Man nennt sie Mehrleistungsvertäge. Es soll klar erkennbar sein, worin die Mehrleistung einer halbprivaten oder privaten Spitalzusatzversicherung im Vergleich zu den Leistungen der obligatorischen Krankenpflegeversicherung (OKP) besteht.
280 x Versicherungen = 1'700
Am Montag informierte nun der SVV über den Stand der Dinge: 41 Prozent der rund 1700 Verträge sind nun nach den Vorgaben des Branchen-Frameworks Mehrleistungen abgeschlossen worden.
CSS-Chefin Philomena Colatrella hofft, dass per Ende 2024 bis drei Viertel der Zusatzversicherungsverträge nach den definierten Grundsätzen unterzeichnet sind.
In der Schweiz gibt es rund 280 Spitäler. Während bei der OKP die Verbände die Verhandlungen führen, muss im Zusatzversicherungsgeschäft jede einzelne Versicherung mit jedem Spital die Verhandlung führen. So kommt man auf 1700 Verträge.
C'est difficile
Doch die Knacknuss liegt weniger bei den Spitälern, sondern bei den Belegärzten.
«Die Rechnung macht man nicht ohne den Arzt», schrieb Medinside im November 2021. Für den Zusatzversicherer ist es am einfachsten, mit dem Spital einen Vertrag abzuschliessen, das dann seinerseits mit den Belegärzten Verträge abschliesst.
Thomas Boyer, CEO von Groupe Mutuel, bestätigt, was in der Branche allgemein bekannt ist: Mit den Waadtländer und den Genfer Ärzten verläuft es besonders harzig. Sie wollen zum Teil ihren Verband vorschicken, um ihre Interessen zu vertreten. Das macht die Sache nicht nur noch komplexer, als sie es bereits schon ist.
Es ist auch wettbewerbsrechtlich zweifelhaft, ob das Vorgehen der welschen Ärzte überhaupt rechtens ist.
Die 11 Grundsätze des Branchen-Frameworks
1. Mehrleistungen werden im Vergleich zum Leistungsniveau der OKP des jeweiligen Leistungserbringers betrachtet – Eine Marktsicht wird, wo nötig zur Verhinderung von Fehlanreizen oder systematischen Benachteiligungen in die Betrachtung, integriert.
2. Mehrleistungen zwischen Leistungserbringern und einzelnen Versicherern differenzieren sich in Kategorien klinische Leistungen, ärztliche Leistungen sowie Hotellerie/Komfort.
3. Eine Mehrleistung muss vertraglich definiert, erhebbar, bewertbar und nutzbar sein.
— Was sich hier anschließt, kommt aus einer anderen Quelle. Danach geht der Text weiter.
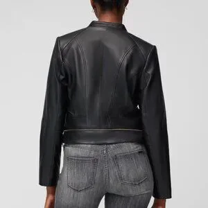 Long lasting and worn for a variety of occasions, the Leather Moto Jacket is one you'll have for years to come. With a gold metal zipper front closure, shoulder pads and an asymmetrical zipper opening, this moto jacket can be worn year round as an added layer or final layer for a model-off-duty moment.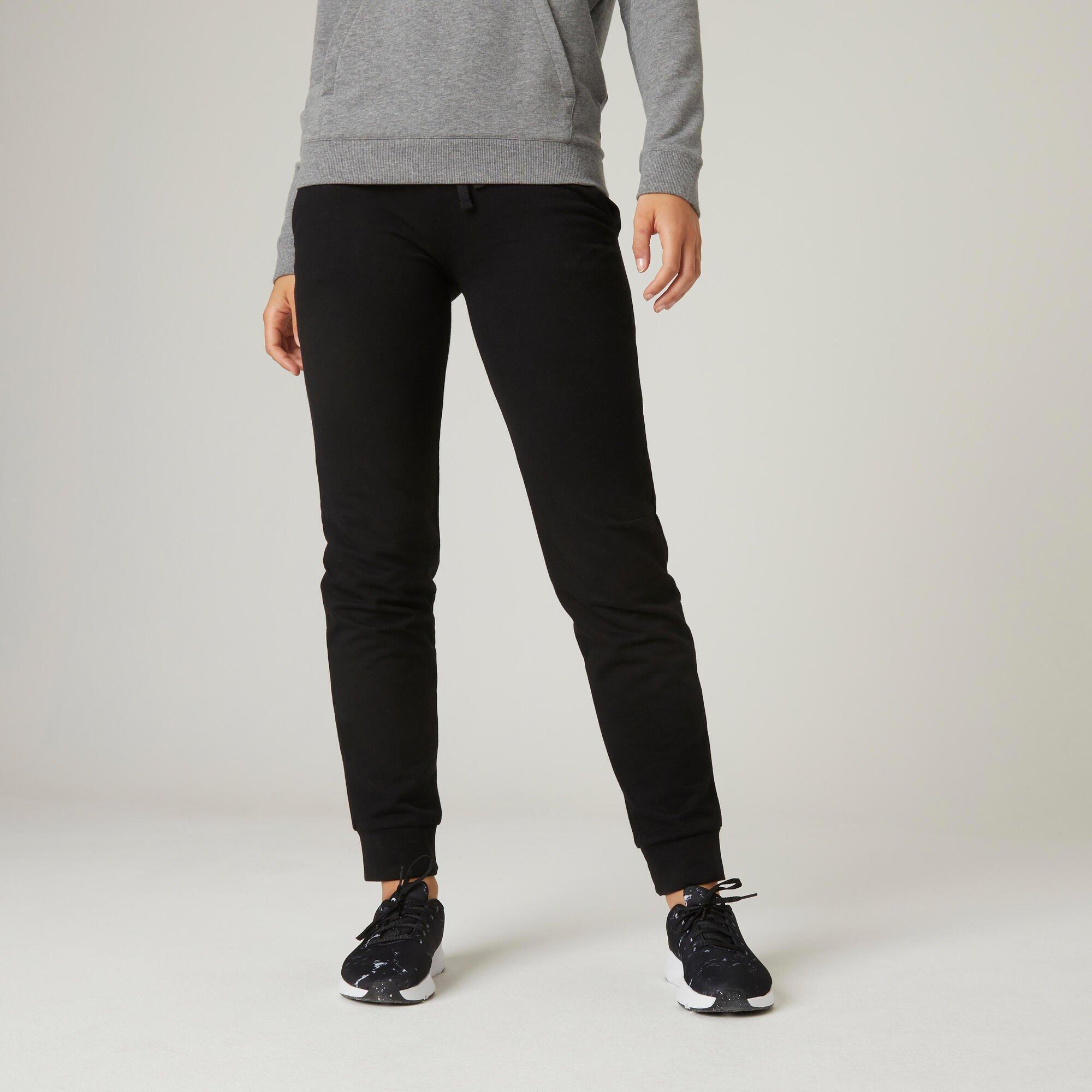 NYAMBA, Pantalon jogging Fitness Bas resserré coupe droite Noir

4. Ein Mehrleistungskatalog des Leistungserbringers zuhanden des einzelnen Versicherers bildet die Basis für die Bewertung, die Abrechnung und das Leistungs-Controlling.
5. Ärztliche Mehrleistungen werden auf klarer vertraglicher Basis vergütet - die Entschädigung der ärztlichen Leistung in der OKP ist auf Grundlage der stationären und ambulant anwendbaren Tarife abgegolten.
6. Die Kriterien zur Bewertung von Mehrleistungen werden durch die einzelnen Versicherer festgelegt.
7. Mehrleistungen definieren sich auch über den Mehrwert am Patienten und nicht ausschliesslich über allfällige Mehrkosten.
8. Unterschiede in der Bewertung von gleichwertigen Mehrleistungen müssen klar begründbar sein.
9. Die Bewertung von Mehrleistungen erfolgt in der Regel auf Basis von Leistungspaketen und nicht auf Basis von Einzelleistungen.
10. Nur tatsächlich erbrachte Mehrleistungen oder Mehrleistungspakete werden von Versicherern vergütet.
11. Innovation zu Gunsten des Patientennutzens ist gewünscht. Trends wie «ambulant vor stationär» sind eine Chance für neue Mehrleistungsservices.